Safety Study of Varisolve® Procedure for Treatment of Varicose Veins in Patients With Right-to-left Cardiac Shunt (MRI)

This is an interventional treatment trial for Varicose Veins focused on measuring PFO, Patent Foramen Ovale, Right-to-Left Shunt, Sclerotherapy Read More

Inclusion Criteria:

• Males and females aged 18 to 60 with severe varicose veins, CEAP classes 3, 4 and 5 (CEAP is a classification and grading system for chronic venous disease)
• Saphenofemoral junction (SFJ) incompetence. Retrograde blood flow in the GSV, greater than or equal to 1.0 second demonstrated by duplex scanning.
• Normal MRI, as assessed on MRI examination performed within 5 days prior to procedure.
• Patient must be willing and able to participate in the study and provide written informed consent.

Exclusion Criteria:

• Presence of venous ulcers (i.e. CEAP classification C6) or local infection in the limb to be treated.
• Incompetence of the small saphenous vein (SSV) in the leg to be treated. Venographic or ultrasonographic evidence of current or previous deep vein thrombosis (DVT) (see Appendix IV).
• Deep venous occlusion and/or incompetence. Evidence of deep venous reflux is acceptable if it is confined to a limited segment caused by filling of the incompetent superficial system through a perforator or the SFJ.
• Patients with known atherosclerotic disease or presence of major risk factors, including LDL cholesterol greater than 130 mg/dl, blood pressure greater than 140 mmHg systolic or 90 mmHg diastolic, or diabetes requiring treatment with oral hypoglycemic drugs or insulin.
• Smokers.
• History suggestive of cerebral atherosclerosis, transient ischemic attack (TIA), stroke, presence of carotid bruit or history of abnormal carotid duplex examination.
• Clinically significant dilated cardiomyopathy, evidence of regional wall motion abnormalities suggestive of prior myocardial infarction, rheumatic mitral valve disease, moderately severe or worsening cardiac valvular disease (> 2+ on a scale of 4), known or suspected congenital heart disease, evidence of right sided volume or pressure overload, history of atrial fibrillation.
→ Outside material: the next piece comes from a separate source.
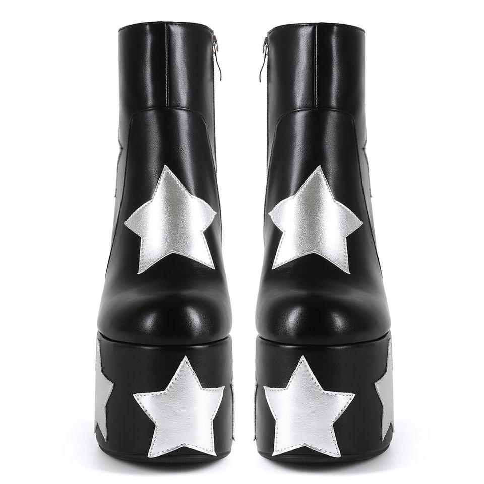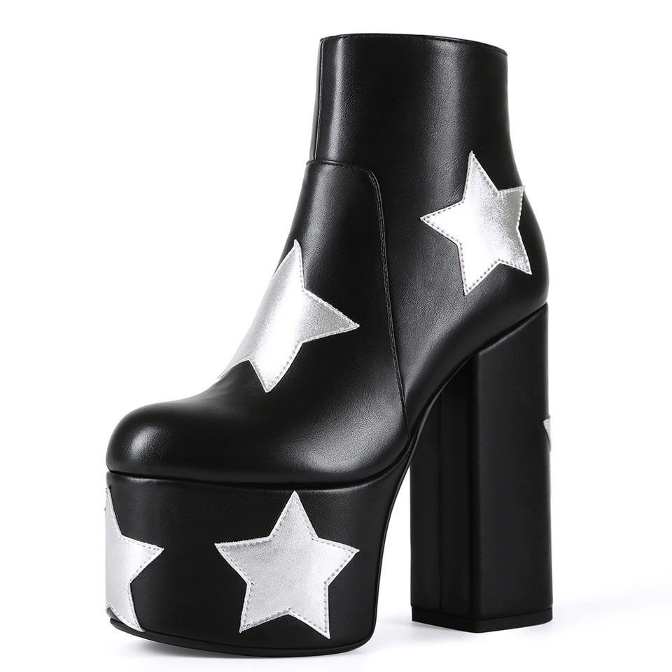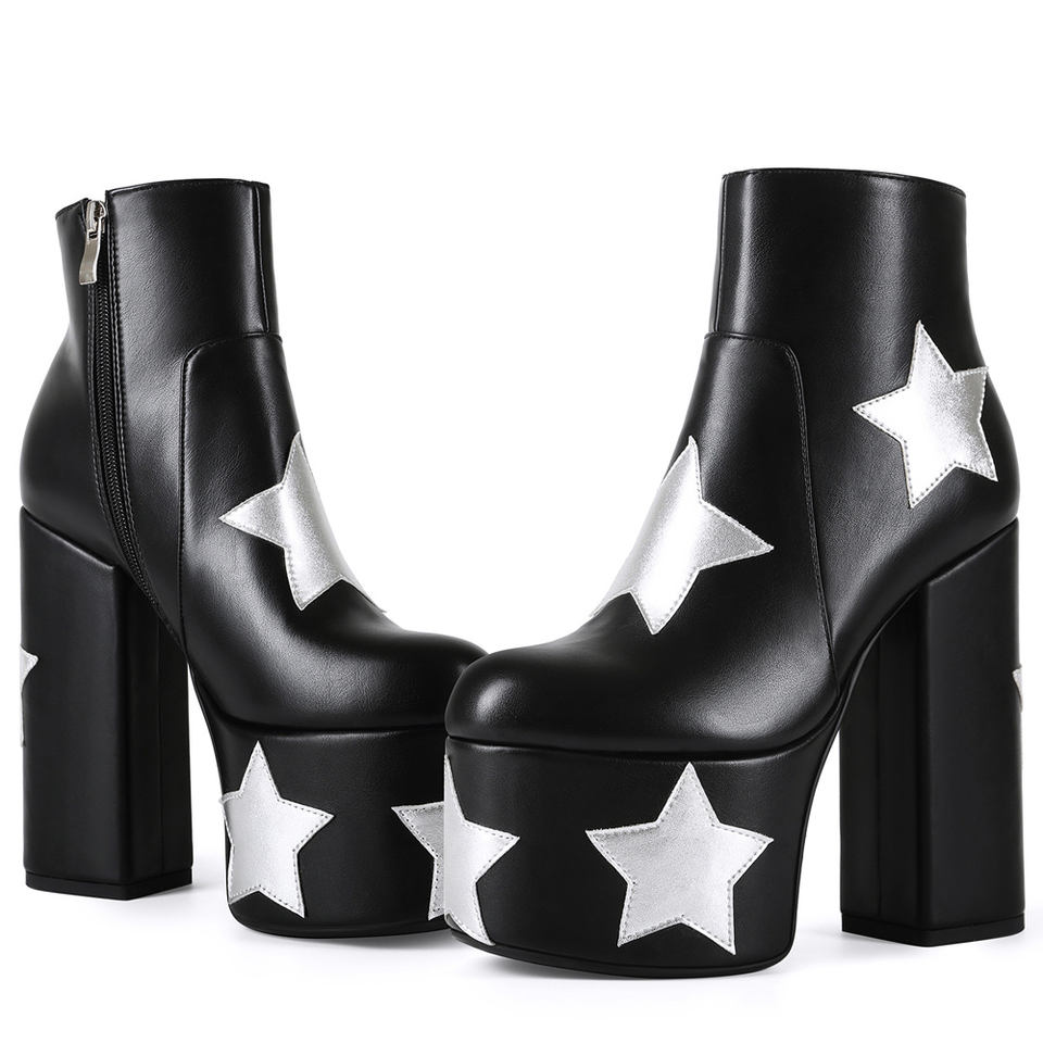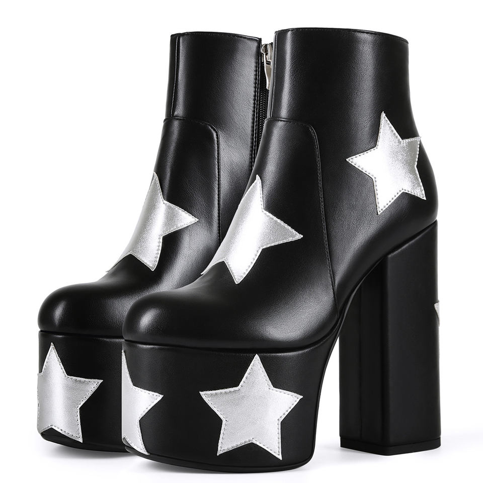 Bottines courtes à bout rond avec étoiles argentées personnalisées, plateforme épaisse, fermeture éclair latérale, talons hauts épais pour femmes, grande taille 47, bottines à la cheville
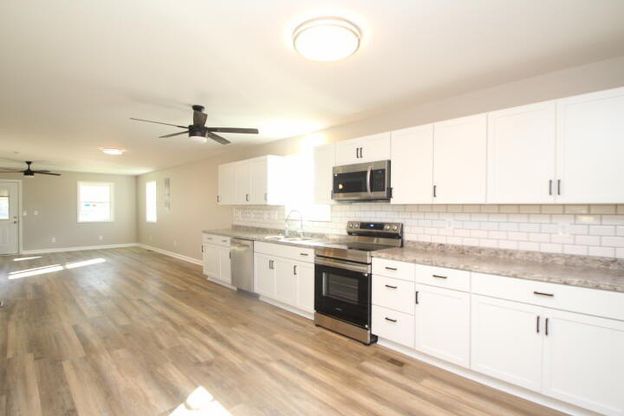 Come check out this new construction in downtown Lawrenceburg! Spacious living area with new kitchen, primary bed/bath with walk in shower, 2 additional bedrooms, additional bath with tub/shower, utility room that leads to covered back porch. Laminate flooring throughout! Relax on your covered porch or walk to downtown for lunch. You just may want to call this HOME!

Patients with PFO, atrial septal defect, or other right-to-left shunt are not excluded unless associated with other abnormalities as above.
• Peripheral vascular disease.
• Spontaneous emboli seen on TCD prior to contrast injection.
• Body Mass Index >30.0.
• Recent or current upper respiratory tract illness or other cause of increased coughing.
• Arterial insufficiency in the leg to be treated (ankle: brachial pressure ratio less than 0.9).
• Reduced mobility - unable to maintain a brisk walk unaided for a minimum of 5 minutes per hour per day.
• Prolonged automobile or air travel (>4 hours) 1 month prior to treatment, or planned within 1 month of proposed treatment.
• Current or prior pulmonary embolism.
• Major surgery, prolonged hospitalization or pregnancy within 3 months of screening.
• Hormone replacement therapy or hormonal contraception (oral or dermal patch).
• Current or recent (<7 days before treatment) aldehyde dehydrogenase inhibitor therapy, e.g. disulfiram, or other drugs with similar reactions to alcohol (metronidazole, tinidazole).
• Current anticoagulation therapy.
• Inability to identify a unilateral or bilateral temporal bone window and middle cerebral artery signal by transcranial Doppler ultrasound.
• Inability to undergo magnetic resonance imaging of the brain
• Participation in a clinical study involving an unlicensed pharmaceutical product within the 3 months of screening.
• Previous enrollment in this study.
• Major co-existing disease (e.g. malignancy, pulmonary disease, renal or hepatic insufficiency).
• Known allergic response to polidocanol or severe and multiple allergic reactions.
• Women of childbearing potential not using effective contraception
• Pregnant or lactating women.
• Current alcohol or drug abuse.
• Clinically significant laboratory abnormalities in the opinion of the investigator.